The clinical definition of anemia has been widely accepted more as a functional than numeric definition. Because the oxygen-carrying capacity is determined by the mass of circulating red cells, anemia can be defined as a condition characterized by a decrease in the oxygen-carrying capacity of the blood resulting from decreased red blood cell (RBC) mass.⁹ Because RBC mass is not easily measured in the clinical setting, the clinical definition of anemia has been based on the determination of hematocrit and the hemoglobin concentration in whole blood. Normal values for hemoglobin and hematocrit vary dramatically with environmental conditions, age, and gender.

Examples of physiologic RBC mass variation can be appreciated in the neonatal period, where normal hemoglobin levels are between 14 and 20 g per dL. These hemoglobin concentrations decrease during the second to third month of life, to reach a nadir of 10 to 11 g per dL, and then rise to stabilize at approximately 12 g per dL. These changes represent a normal physiologic decrease in erythropoiesis and a decreased erythocyte lifespan during this period. In the geriatric population, anemia, as defined by the WHO, was found in 17% of women and in 28% of men aged 85 years and older.¹⁰ In this study, the authors concluded that the mortality risk was increased in this population and that anemia in the older person is due to disease and not to normal aging.

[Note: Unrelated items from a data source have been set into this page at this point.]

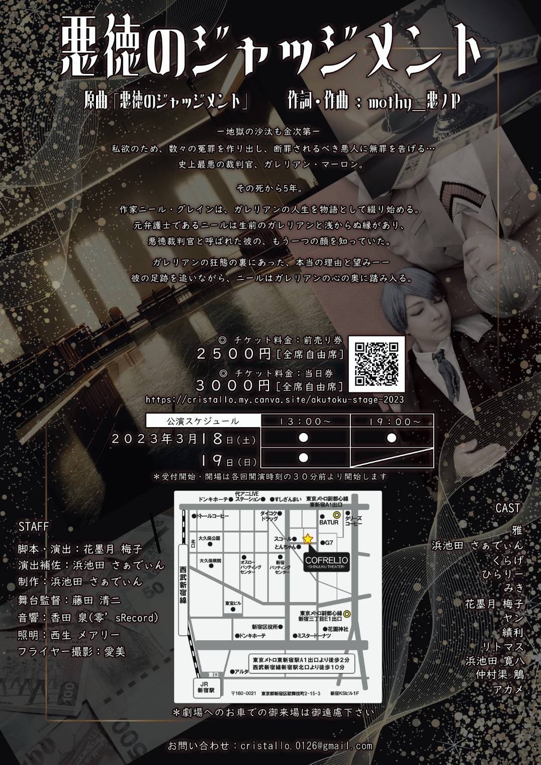 社会人演劇ユニットcristallo『悪徳のジャッジメント』が2023年3月18日 (土) ~2023年3月19日 (日)にコフレリオ新宿シアター(東京都新宿区歌舞伎町2-15-3新宿KSビル1F)にて上演されます。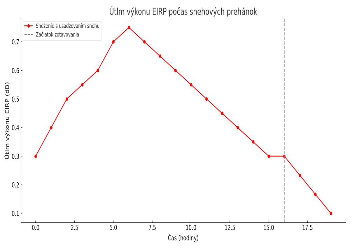 Snehové zrážky a útlm EIRP: Pri snežení je vplyv na útlm výraznejší, pretože snehové vločky majú dvojaký účinok: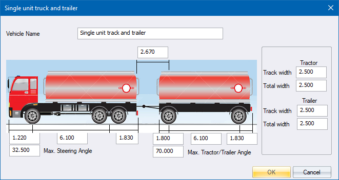 The Vehicle Dimensions window allows you to set the dimensions for various vehicle types.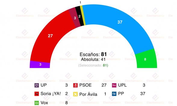 Así las cosas, el PP ganaría 6 escaños respecto a febrero de 2022 (cuando obtuvo 31). Aunque para la mayoría absoluta necesitaría otros 4 escaños, que podrían venirle o bien de Vox o bien de partidos provinciales como UPL (que tiene 3); Soria Ya, que tiene 2; y Por Ávila, que tiene 1.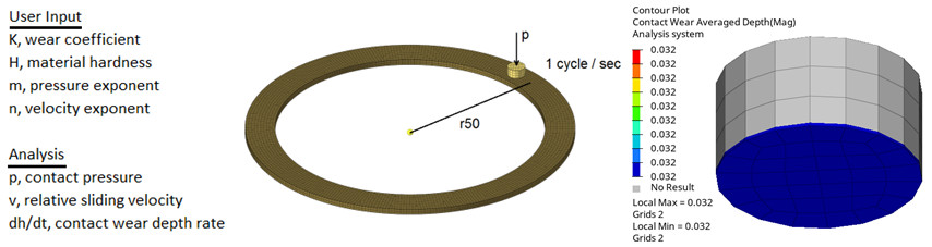 Aşınma, Archard Aşınma denklemine göre hesaplanır ve aşınma katsayısı, sertlik ve üsler gibi parametreleri tanımlayabilirsiniz. Ortaya çıkan sonuçlar temas basıncını, kayma hızını ve aşınma derinliğini gösterecektir.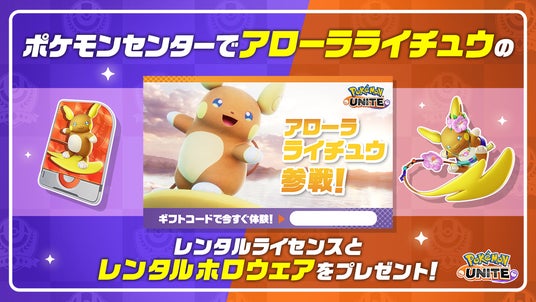 2025年4月18日(金)から5月4日(日・祝)まで、全国のポケモンセンターでお買い物をすると、『ポケモンユナイト』でのバトルが体験できるギフトコードをプレゼント。もらえるギフトコードは、アローラライチュウのレンタルライセンス(3日間)と「ビーチスタイル」レンタルホロウェア( 3日間)です。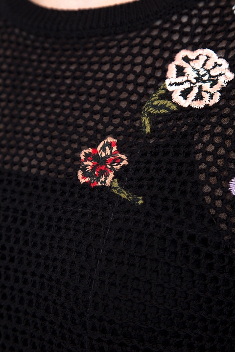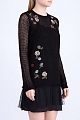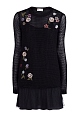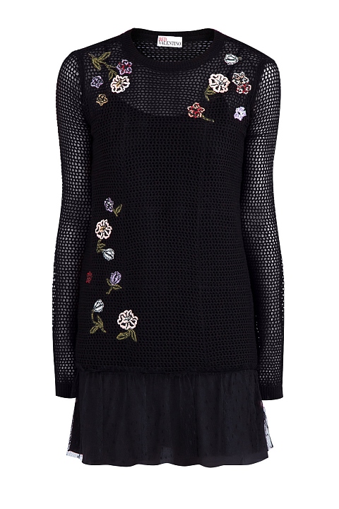 Эффектное двухслойное мини-платье REDValentino, отличительной особенностью которого стало сочетание тончайшей шерсти и полупрозрачного кружева, украшающего юбку. Модель свободного силуэта украшена цветочной вышивкой контрастного оттенка.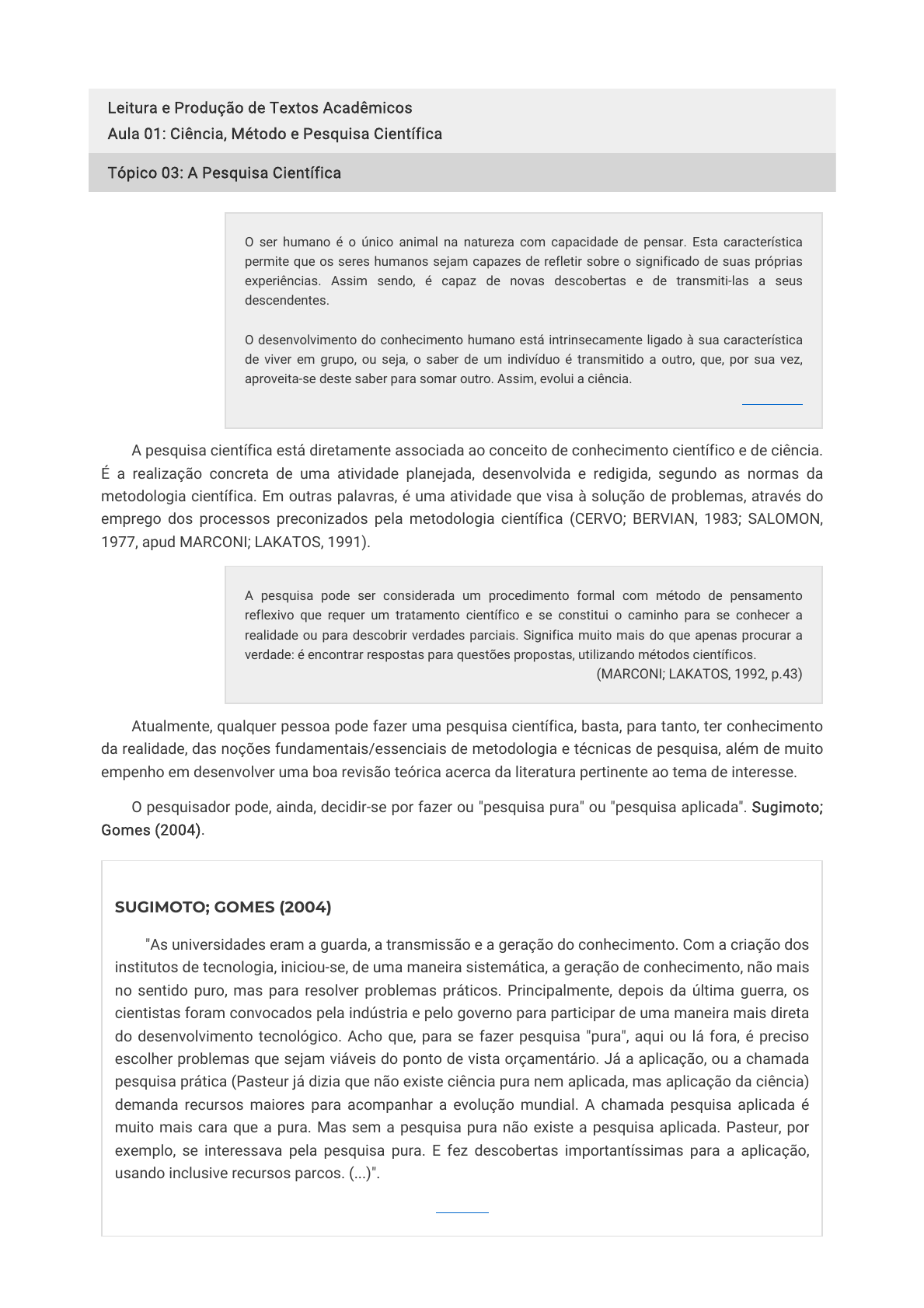 Leitura e Produção de Textos Acadêmicos Aula 01: Ciência, Método e Pesquisa Científica Tópico 03: A Pesquisa Científica O ser humano é o único animal na natureza com capacidade de pensar. Esta característica permite que os seres humanos sejam capazes de refletir sobre o significado de suas próprias experiências. Assim sendo, é capaz de novas descobertas e de transmiti-las a seus descendentes. O desenvolvimento do conhecimento humano está intrinsecamente ligado à sua característica de viver em grupo, ou seja, o saber de um indivíduo é transmitido a outro, que, por sua vez, aproveita-se deste saber para somar outro. Assim, evolui a ciência. Fonte [10] A pesquisa científica está diretamente associada ao conceito de conhecimento científico e de ciência. É a realização concreta de uma atividade planejada, desenvolvida e redigida, segundo as normas da metodologia científica. Em outras palavras, é uma atividade que visa à solução de problemas, através do emprego dos processos preconizados pela metodologia científica (CERVO; BERVIAN, 1983; SALOMON, 1977, apud MARCONI; LAKATOS, 1991). A pesquisa pode ser considerada um procedimento formal com método de pensamento reflexivo que requer um tratamento científico e se constitui o caminho para se conhecer a realidade ou para descobrir verdades parciais. Significa muito mais do que apenas procurar a verdade: é encontrar respostas para questões propostas, utilizando métodos científicos. (MARCONI; LAKATOS, 1992, p.43) Atualmente, qualquer pessoa pode fazer uma pesquisa científica, basta, para tanto, ter conhecimento da realidade, das noções fundamentais/essenciais de metodologia e técnicas de pesquisa, além de muito empenho em desenvolver uma boa revisão teórica acerca da literatura pertinente ao tema de interesse. O pesquisador pode, ainda, decidir-se por fazer ou "pesquisa pura" ou "pesquisa aplicada". Sugimoto; Gomes (2004). SUGIMOTO; GOMES (2004) "As universidades eram a guarda, a transmissão e a geração do conhecimento. Com a criação dos institutos de tecnologia, iniciou-se, de uma maneira sistemática, a geração de conhecimento, não mais no sentido puro, mas para resolver problemas práticos. Principalmente, depois da última guerra, os cientistas foram convocados pela indústria e pelo governo para participar de uma maneira mais direta do desenvolvimento tecnológico. Acho que, para se fazer pesquisa "pura", aqui ou lá fora, é preciso escolher problemas que sejam viáveis do ponto de vista orçamentário. Já a aplicação, ou a chamada pesquisa prática (Pasteur já dizia que não existe ciência pura nem aplicada, mas aplicação da ciência) demanda recursos maiores para acompanhar a evolução mundial. A chamada pesquisa aplicada é muito mais cara que a pura. Mas sem a pesquisa pura não existe a pesquisa aplicada. Pasteur, por exemplo, se interessava pela pesquisa pura. E fez descobertas importantíssimas para a aplicação, usando inclusive recursos parcos. (...)". Fonte [11] 15
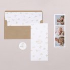 Ce faire-part se compose d'une carte pliée par le milieu et d'un photomaton, glissé à l'intérieur. Vos proches pourront utiliser le photomaton comme marque-page, l'afficher sur leur frigo, un tableau en liège... Un tendre souvenir à contempler au quotidien.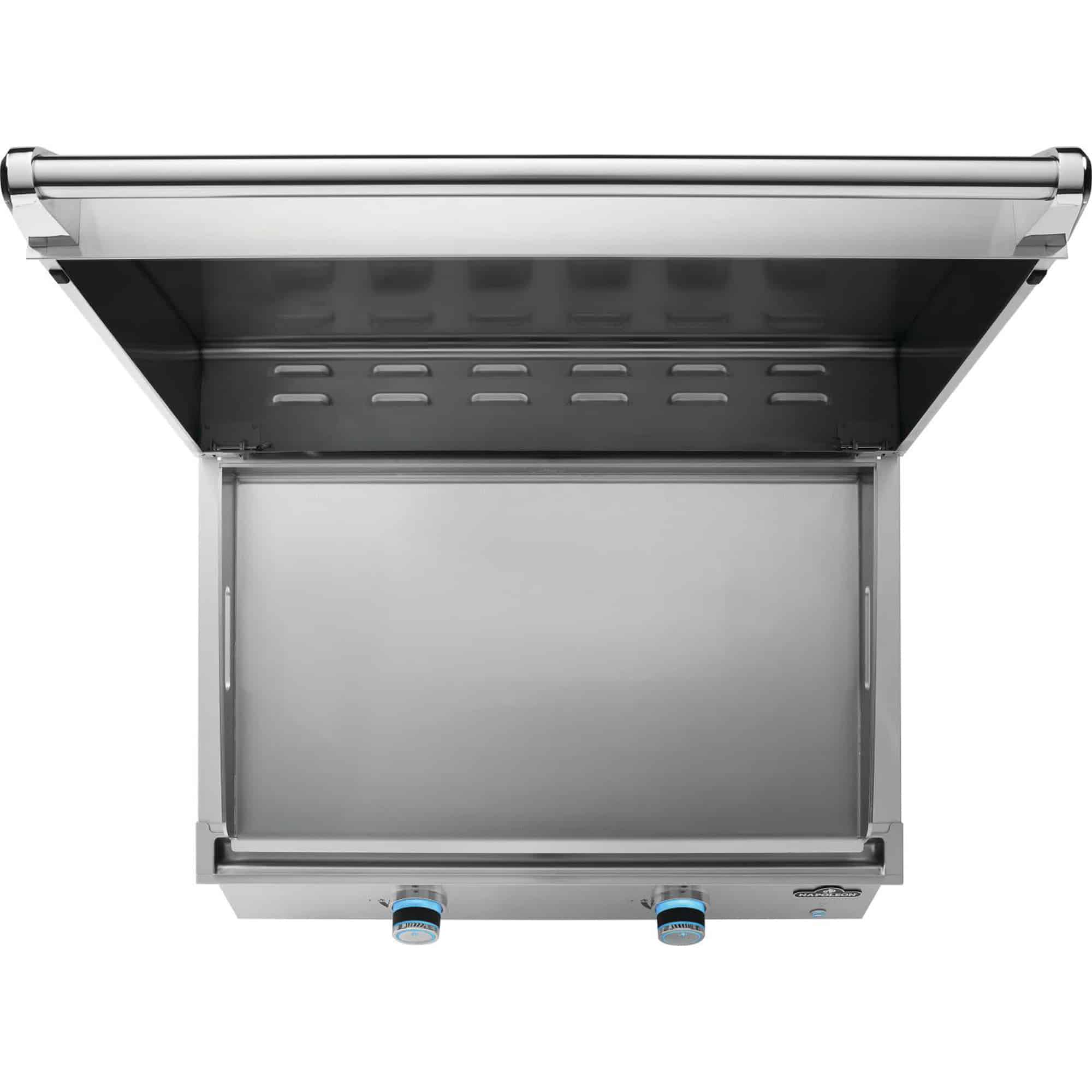 The one-touch ignition system provides quick and reliable startup, while the control knobs feature safety indicators that change color when in use and blink if the flame goes out. A removable lid offers protection when not in use, and the integrated front-access grease management system—complete with a removable tray and built-in scraping tool—makes cleanup fast and convenient. With a standard 32-inch footprint, this griddle is built for seamless installation in any outdoor kitchen setup.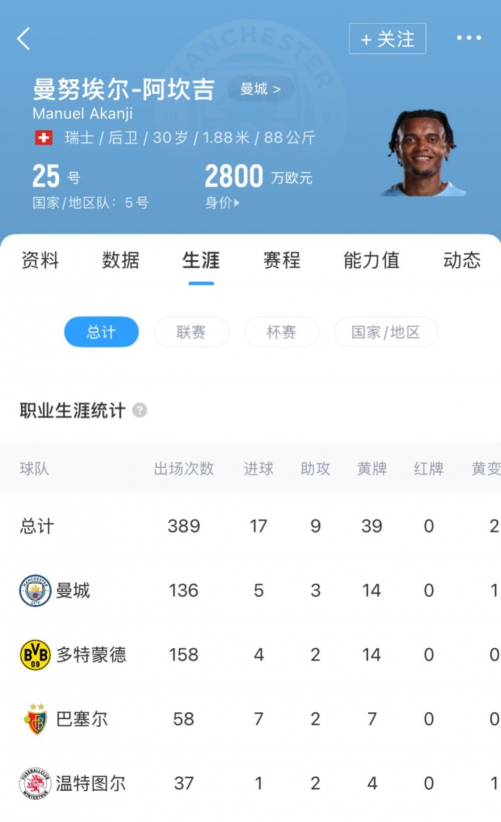 阿坎吉现年30岁,司职后卫,上赛季代表曼城各赛事出场37次,孝顺1助。当今阿坎吉德回身价为2800万欧元。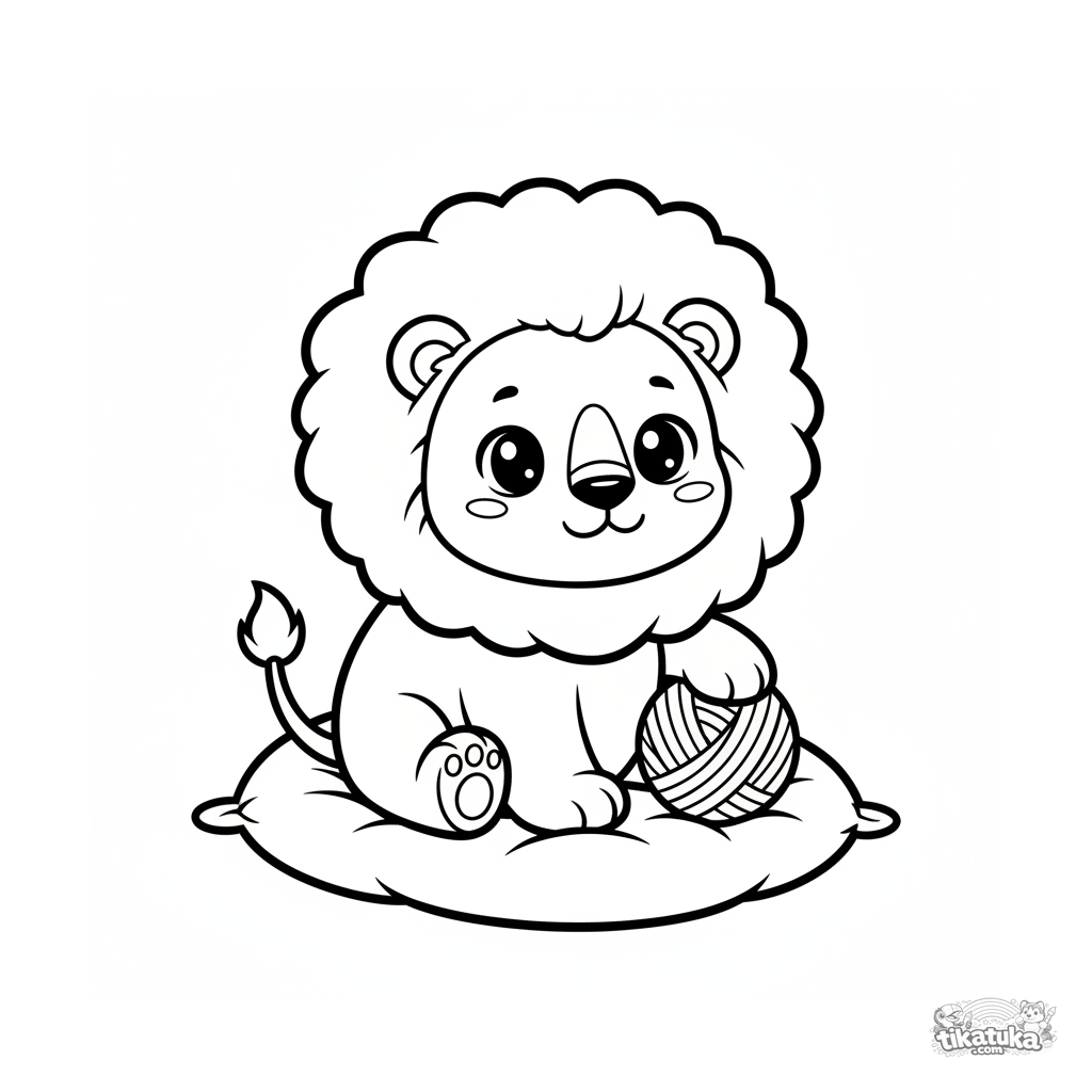 Página para colorir para bebês: um leão de pelúcia gentil com juba fofa senta-se em um travesseiro. Grandes áreas fechadas de juba e corpo são fáceis de colorir para crianças de 2-3 anos.

Therefore, perioperative anemia needs to be evaluated on an individual basis, taking into account the patient’s age, gender, medical condition, analysis of risk factors, and the current surgical scenario. The functional consequences of anemia are far more relevant in clinical anesthesia than the simplicity of a laboratory value.

Acute anemia may result from a sudden drop in the hemoglobin or hematocrit due to hemolysis, acute hemodilution, or acute blood loss. In all instances, the amount of plasma volume present in blood influences the hematocrit and hemoglobin concentration. It is possible for an individual to be severely anemic and yet have a normal hematocrit. This often occurs in the presence of acute hemorrhage, where rapid loss of intravascular volume entails the simultaneous loss of RBCs and plasma. Following a sudden loss of 20% of total blood volume, 20 to 60 hours are required to restore a normal blood volume by endogenous plasma replacement.¹¹,¹² The decrease in RBC mass, or anemia, does not become clinically apparent until fluid replacement therapy or endogenous compensatory mechanisms reestablish normal blood volume. On the contrary, it is also possible to have laboratory evidence of anemia without clinical evidence of disease; this is due to the ability of the body to compensate for decreased RBC mass in chronic situations.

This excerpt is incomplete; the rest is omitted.